Roslyn については .NET コンパイラ プラットフォーム SDK を参照します。公式ドキュメントでは、Roslyn はコンパイラーが作るモデルへのアクセスを提供し、コンパイラーを API プラットフォームとして扱えるようにするものとして説明されています。
次の章では、まず「文字を分類する」ための土台として集合を見ていきます。
集合:文字を「仲間分け」する
集合は、対象をひとまとまりとして扱う考え方です。
字句解析の入口では、入力文字を「数字」「英字」「空白」「記号」のように分類します。これはまさに集合の発想です。
| 集合 | 例 | 字句解析での使い道 |
|---|---|---|
| 🔢 数字 | {0, 1, 2, ..., 9} |
数値リテラルを読む |
| 🔤 英字 | {a, b, c, ..., z, A, ..., Z} |
識別子やキーワードを読む |
| ⬜ 空白 | {space, tab, newline} |
トークン間の区切りとして読む |
| 🧩 記号 | {+, -, =, ;, (, )} |
演算子や区切り記号として読む |
簡単な C# 風の分類関数を書くと、次のようになります。
static string Classify(char c)
{
if (char.IsDigit(c)) return "Digit";
if (char.IsLetter(c) || c == '_') return "Letter";
if (char.IsWhiteSpace(c)) return "Whitespace";
return "Symbol";
}
Console.WriteLine(Classify('a')); // Letter
Console.WriteLine(Classify('7')); // Digit
Console.WriteLine(Classify('+')); // Symbol
このコードは、1 文字 c がどの集合に属するかを判定しています。
char.IsDigit(c) は「数字の集合に入っているか」、char.IsLetter(c) は「文字の集合に入っているか」を調べる操作だと考えられます。

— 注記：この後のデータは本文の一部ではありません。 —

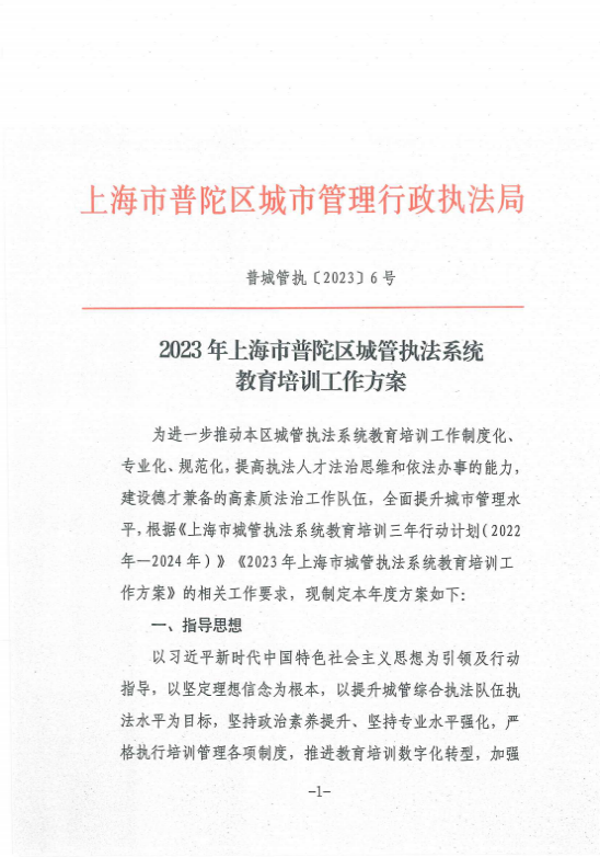 2023年上海市普陀区城管执法系统教育培训工作方案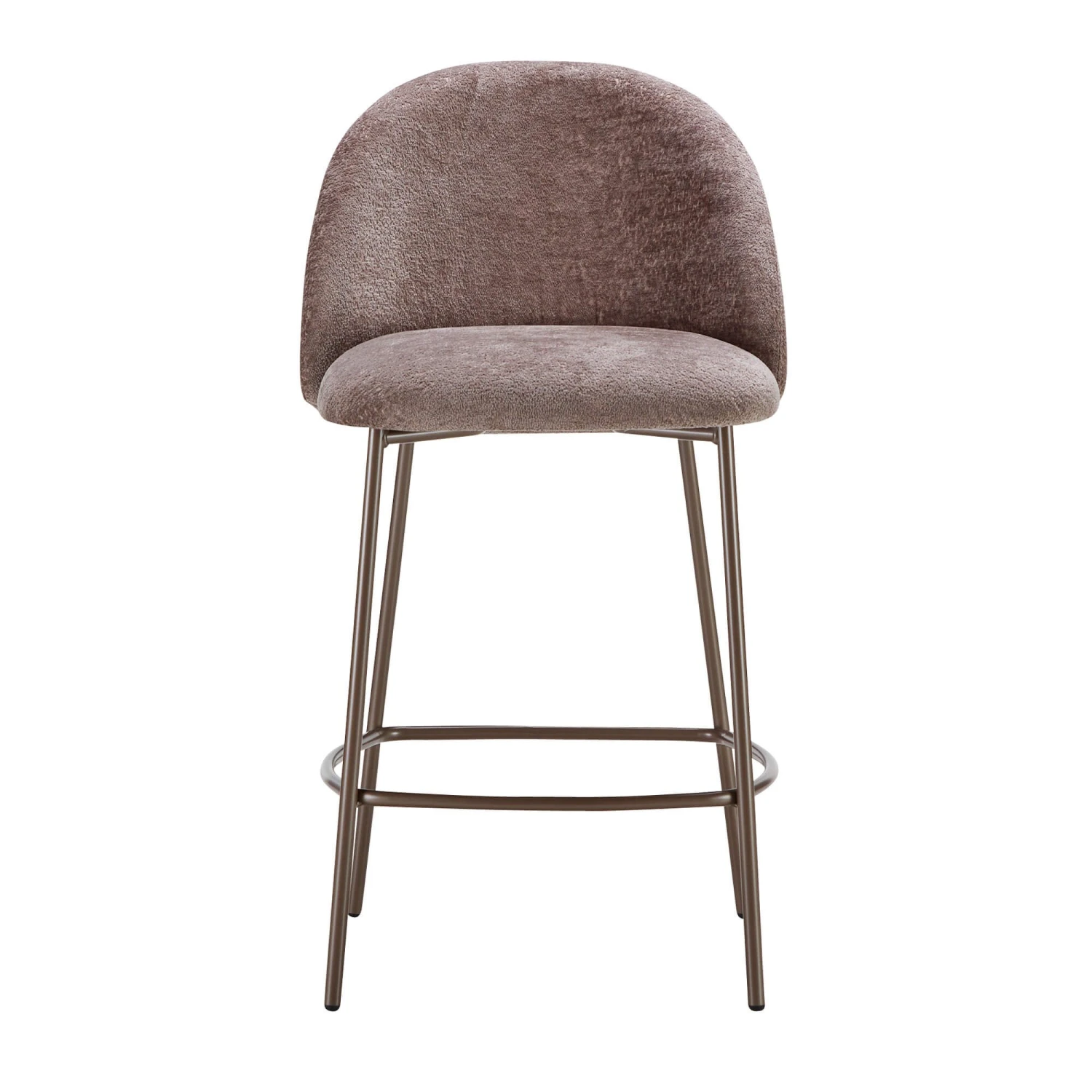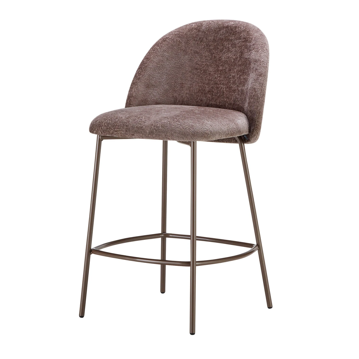 A soft, comforting brown bar stool featuring a contemporary design with a rounded seat and a matching backrest. This chair exudes elegance while offering comfort. The soft brown fabric harmonises beautifully with the brown angled legs, which are reinforced by an oval ring encircling the legs. This design not only enhances the chair’s strength but also ensures its longevity.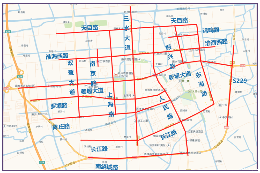 目前姜堰城区已优化7条道路(三水大道、姜堰大道、S229、陈庄路、双登大道、人民路、G328)。绿波速度,高峰期间40km/h-50km/h,平峰期间50km-60km/h,如无其他干扰因素,则可在一条路连续通过多个路口。目前,上述道路优化前与优化后相比,行程时间缩短约20%,停车次数减少约30%。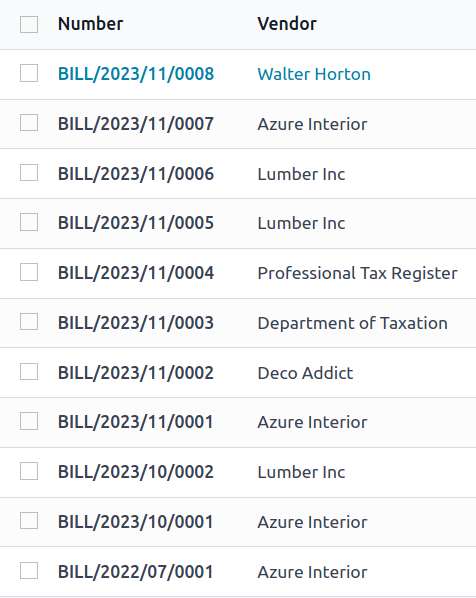 Create singular or split vendor bills at any time, and pay based on ordered or received quantities — you choose. Integrate with the Accounting app to track the payment status of bills.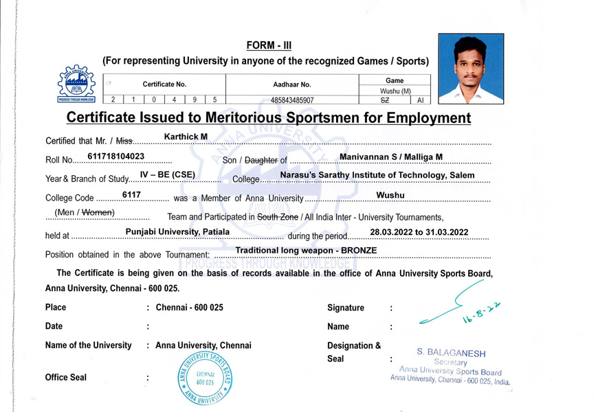 K.KALAIRASAN, Anna University Zonal Tournaments for the year 2017-18
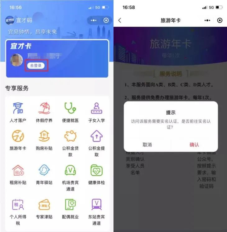 点击“去登录”按钮,进入实名认证页面(或者点击进入专享服务详情,提示请去实名认证点击确认,进入实名认证流程)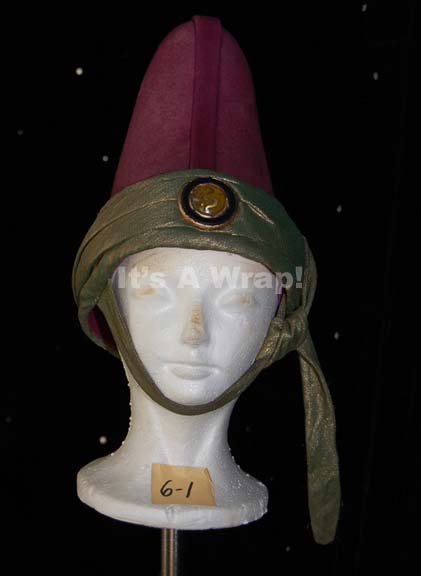 A costume element similar to those featured in various Star Trek feature films. A magenta-colored, Vulcan-style, felt hat featuring metallic-gold trim with a green tinge that also forms a chinstrap; a round, yellow faux jewel in the front with Vulcan iconographic symbol in the middle and dark-blue trim. A sewn … |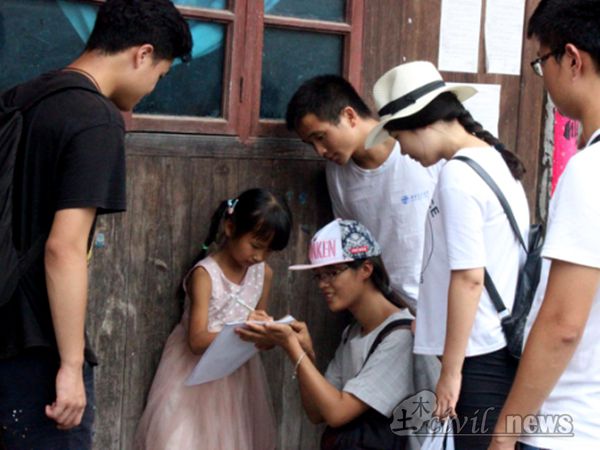 第二支队接着又走访了几户。中间遇到一个羞涩的姑娘,她叫张双凤,她还有个弟弟。双凤的奶奶特别和蔼,和志愿者们一起聊了小双凤的一些情况。双凤小朋友家里情况不乐观,爸爸遭遇车祸,妈妈改嫁,至今已有几年未归。可能正是因为这样,面对志愿者们,她的羞涩更像是自闭症,志愿者们只能主动找话题。开始的时候她只会被动机械地回答“嗯”,可后来聊到动画片和玩游戏,她开始愿意和志愿者们交流。在交流中,志愿者们发现她是乖孩子,成绩优异,只是不太爱说话。第二支队的成员们只能短暂停留,但是他们愿意用那颗真心去感化孩子们。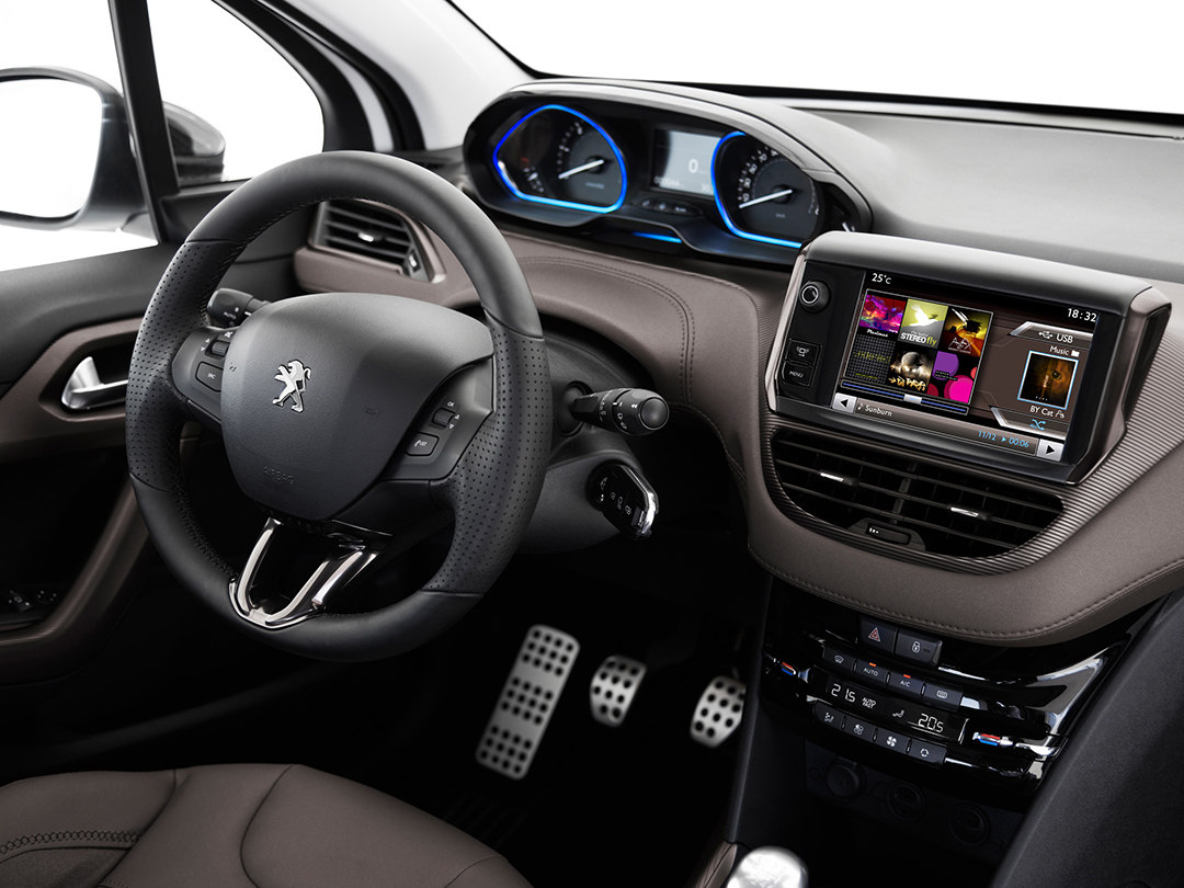 标致2008的内饰设计功能分区非常清晰,立体感十足,轮廓层次非常清晰。内饰中控台较薄以营造更显大的内饰效果,仪表台造型充满了科技感,就连手刹造型也是那么的特立独行。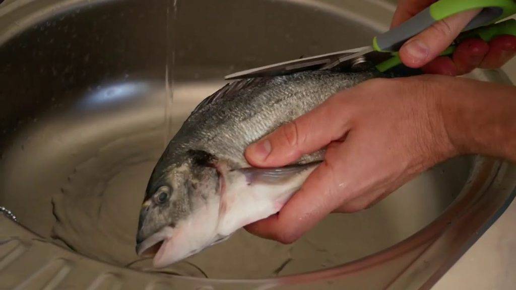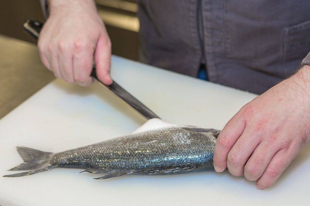- подготовить сибас к «огненной феерии»: удалить внутренности (купируя горечь), промокнуть салфеткой, натереть солью, спрыснуть соком лимона, обвалять в прованских травах;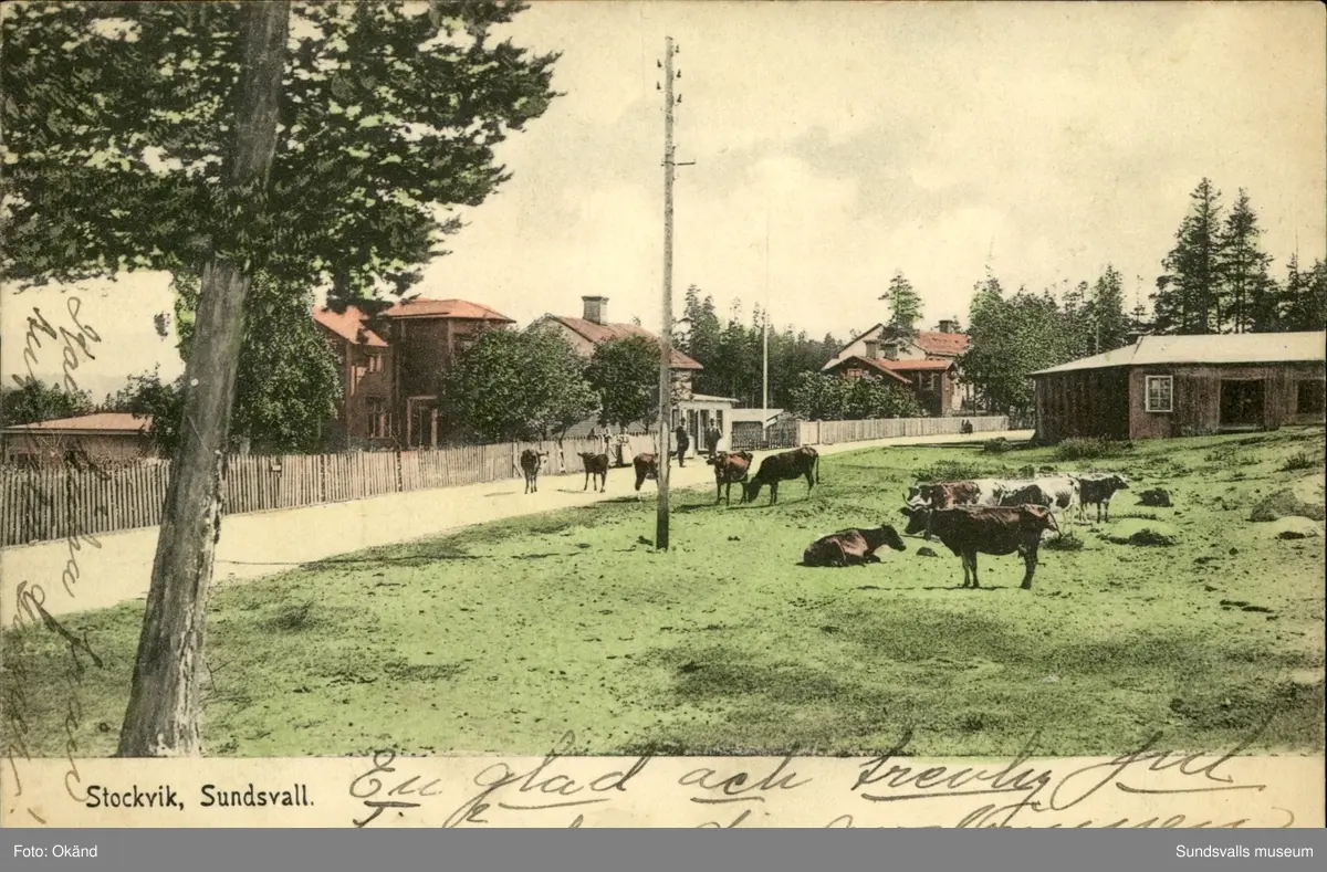 Vykort med motiv över ett parti av Stockvik i Sundsvall.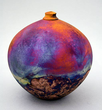 Today I make one off thrown pieces which are fired using the raku process. My main work consists of Copper Matt fumed pots and a range of white glazed and naked raku pieces.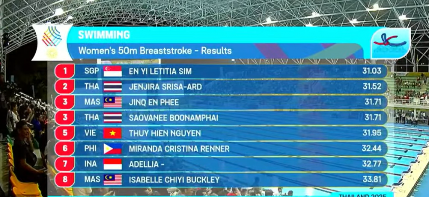 Ở nội dung chung kết 50m ếch nữ, Nguyễn Thúy Hiền không thể tạo nên bất ngờ khi chỉ về đích thứ 5 với thời gian 31 giây 95. Trong khi đó, Sim En Yi Letitia của đoàn Singapore đã có tấm HCV thứ 2 tại SEA Games 33 lần này.

集合を「数学の記号」としてだけ見ると遠く感じますが、実装では if 文や分類関数として自然に現れます。
集合で文字を分類できると、次は「入力と結果をどう対応させるか」を関係や関数で表せます。
関係 / 関数:入力と状態を対応させる
関係は「何かと何かが対応している」という考え方です。
関数は、その中でも入力に対して出力が 1 つに決まる対応です。オートマトンでは、現在の状態と入力文字から次の状態を決める遷移関数が登場します。
たとえば、識別子を読む小さな状態遷移を考えます。
| 現在の状態 | 入力の分類 | 次の状態 |
|---|---|---|
| 🚪 Start | Letter | Identifier |
| 🏷️ Identifier | Letter | Identifier |
| 🏷️ Identifier | Digit | Identifier |
| 🏷️ Identifier | Whitespace | Done |
| 🏷️ Identifier | Symbol | Done |
これをコードにすると、次のような関数になります。
enum State
{
Start,
Identifier,
Done,
Error
}
static State Next(State state, string inputClass)
{
return (state, inputClass) switch
{
(State.Start, "Letter") => State.Identifier,
(State.Identifier, "Letter") => State.Identifier,
(State.Identifier, "Digit") => State.Identifier,
(State.Identifier, "Whitespace") => State.Done,
(State.Identifier, "Symbol") => State.Done,
_ => State.Error
};
}
この Next 関数は、現在の状態と入力分類を受け取り、次の状態を返します。
つまり、(状態, 入力) -> 次の状態 という対応を C# の switch 式で書いたものです。
状態遷移を図にすると、さらに見通しがよくなります。
関数として遷移を書けるようになると、次は「そもそも受け入れたい文字列の集まり」を言語として考えられます。
言語と正規表現:受け入れたい文字列の集合
形式言語の文脈では、言語は文字列の集合です。
たとえば「C# の識別子っぽいもの」を厳密な仕様ではなく学習用に簡略化すると、次のような文字列の集合として見られます。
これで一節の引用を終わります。